Oh, I see. You mean, “where are we going right now because two large religious factions seem intent on killing one another with greater zeal than has been demonstrated in the past.” Yes, I agree, for our short-term prosperity and health of a large percentage of our species, that issue does bear some scrutiny.
Tell you what…both sides should start by standing down from claims of certain knowledge of such a thing as the existence of Yahweh/Allah. And that this Yahweh/Allah thingy has ever communicated to humans. And that men could have ever discovered with certainty what this Yahweh/Allah thingy wants of us. If you do just that — back off from YOUR claims of superior knowledge in the face of no evidence, then everything will turn out fine.
Peter, I got it but temporarily overlooked it; usual mail bottleneck.
Oh, man, this is pretty bad stuff. What is more shocking is that this sermon was preached at a university chapel. I shan’t comment on the things you’ve dealt with above, like the ‘virulent series of books,’ but there are other things that need pulling apart. I commented a bit over at Jerry’s, but then I read the sermon. Oh my!
Read the rest here.
A great (and shattering) comment, Eric. I may have to make it a post.
Ahh, yes. Good ole inescapable guilt. Sure, <u>you</u> may not have done anything bad, but you should feel a guilty regardless because of something your distant (mythical) ancestors did. Of course, this is never enough to maintain the sense of guilt for an entire lifetime, so thought-crimes need to be established on normal human impulses to reinforce it.
Feeling guilty for actual events in human history you had no part in and could not change even if you wanted to is destructive enough. I can’t imagine the harm caused by feeling guilty for the sole ‘crime’ of existing as a living human being.
@ Eric…
Excellent points (as usual). If I may be so bold as to point out that many of us don’t feel as if our lives are like broken pottery.
No one is immune to heartache, me included. But “broken”? I think not. And in need of fixing by some external potter’s hand, and not my own will and grief, mixed with my own joy and courage? I’m quite sure not.

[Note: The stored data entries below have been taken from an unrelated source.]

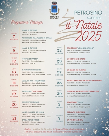 A Petrosino si accende l’atmosfera natalizia. L’amministrazione comunale, guidata dal sindaco Giacomo Anastasi, ha presentato il Calendario Natale 2025, un programma ricco di appuntamenti che animerà il mese di dicembre e i primi giorni del nuovo anno, con eventi pensati per tutte le fasce d’età.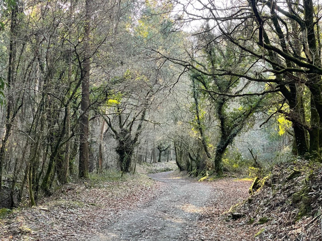 It’s a sunny 7°C, with not a cloud in the sky. We walk alongside a canal, then a forest path with a farm on right. There are birds in the air. It’s another beautiful day in Galicia, but we are both feeling a bit weak. We walk steadily but at a slower clip. Dreaming of caldo gallego.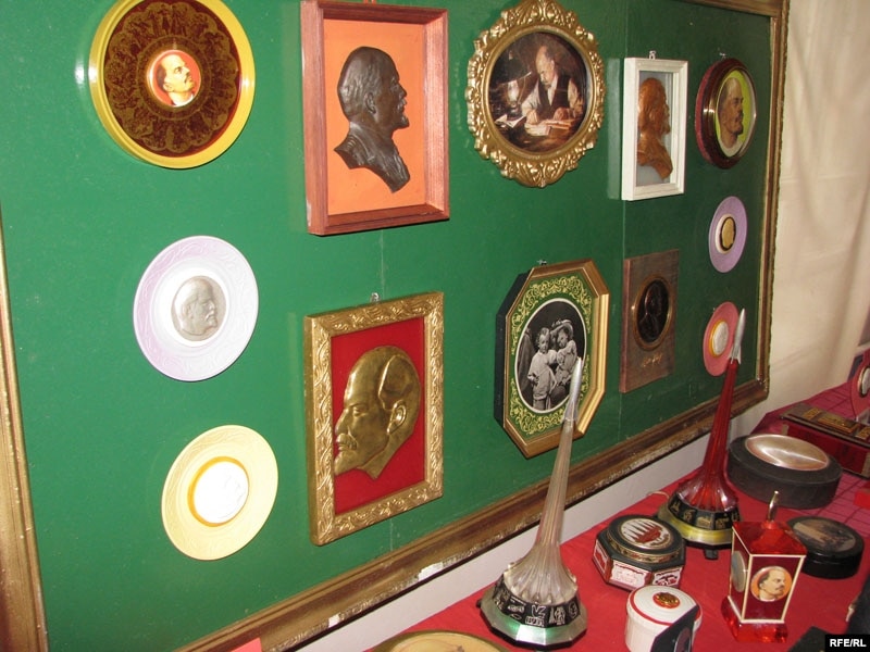 Серед експонатів – значки, вимпели, марки, листівки, плакати, книги, бюсти, барельєфи, сувеніри і репродукції картин радянських часів із зображенням Володимира Леніна, а також інших вождів і класиків радянського тоталітаризму: Маркса, Енгельса і Сталіна.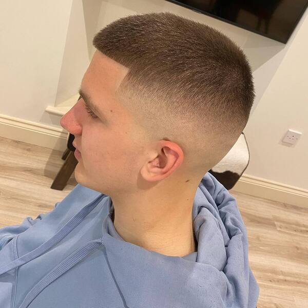 Här är ett stiligt exempel på en besättning som är klippt med låg blekning. Denna frisyr för män håller sidorna jämnt och rakade ner och den översta tillräckligt länge för att borsta ner. Försök att lägga till din favorithårprodukt så att din stil förblir färsk hela dagen.

It’s this insistence by Christians of Dr. Wells’ ilk that we are all somehow “broken” without their juju that drives me up the proverbial wall. It’s one of the worst tenets of that particular religion. (The worst is the concept of universal forgiveness merely by mumbling the name of Jesus; Jeffrey Dahmer is in heaven while the men he dismembered and ate are in hell, according to that little bit of dogma…pardon me while I vomit.)
We are not sinners. The state does not exist. Because “sin” is defined as an offense against god. Since there is no god, there can be no “sin”.
Christianity spends most of its time telling its adherents how horribly incomplete, sinful, broken, and unworthy they are. But if they ONLY kneel in the right direction, speak the correct magic words, and give 10% of their income to the preacher every Sunday, then — ABRACADABRA!!!! — Humpty Dumpty is put back together again.
Yes, we have our foibles. Some of us are better than others. Some fit into society better. Some avoid breaking the laws of men. Some not. None of that marks any of us as “broken”. Or in need of an invisible repair job.
(“Sins of the fathers …” runs deep.)
But one should note that even if one accepts that we are flawed creatures it does not thereby follow that the proposed fixed is correct. Moreover, I think what is one of the overlooked unhealthy aspects of many religions is the focus on the negatives. “You’re a sinner.” My friend from an Inuit background tells me that there’s still a residual of that in me, despite the fact that at least on branch of my family there hasn’t been a “calvinist” sort for a few generations … I don’t know whether she’s right about origins, but I think many of us who escaped the worst of religions still have to grapple with their ambience even at a personal level.
Thank you for an excellent post and the many equally good replies (hat-tip to Eric at #7, particularly for the C. S. Lewis quote) – very refreshing and stimulating. I look forward to reading more like this.